All the data below goes into the copy word for word, but the pictures don't.

- Collected data:

*-*-*

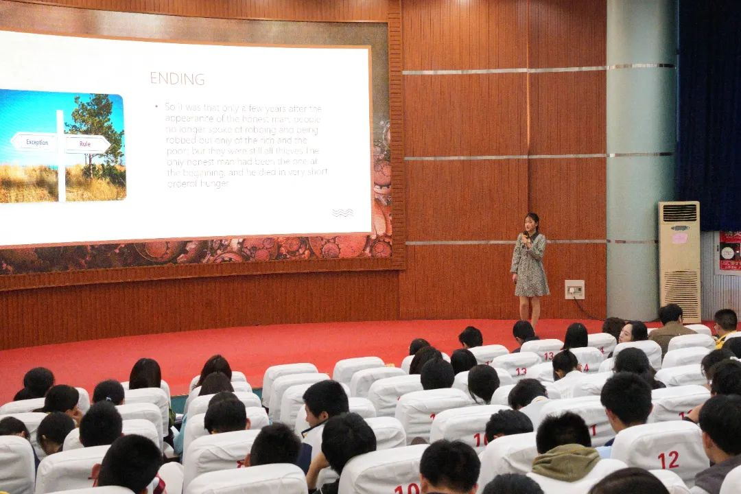 赛前,选手们在任课老师的指导下,斟酌内容,制作PPT,揣摩语音、语调,经过班级选拔、年级初选,最终21组选手晋级决赛。在此过程中,他们拓展英语原著阅读的兴趣和口语表达的能力不断被激发。
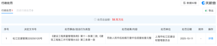 值得一提的是,2025年10月中旬,西派云间项目开发商上海京涧房地产有限公司,因“施工图设计文件未经审核批准、未取得施工许可证擅自开工”被罚款58.15万元。这也从侧面反映出项目急于开工入市的迫切心态,最终却事与愿违。
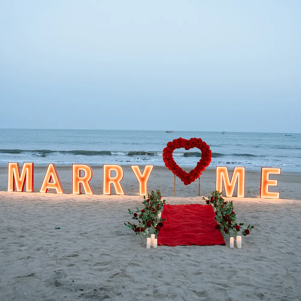 Pop the question with an unforgettable beachside setup, complete with romantic touches and a breathtaking backdrop.

*-*-*

- Exercise response:
 赛前,选手们在任课老师的指导下,斟酌内容,制作PPT,揣摩语音、语调,经过班级选拔、年级初选,最终21组选手晋级决赛。在此过程中,他们拓展英语原著阅读的兴趣和口语表达的能力不断被激发。
 值得一提的是,2025年10月中旬,西派云间项目开发商上海京涧房地产有限公司,因“施工图设计文件未经审核批准、未取得施工许可证擅自开工”被罚款58.15万元。这也从侧面反映出项目急于开工入市的迫切心态,最终却事与愿违。
 Pop the question with an unforgettable beachside setup, complete with romantic touches and a breathtaking backdrop.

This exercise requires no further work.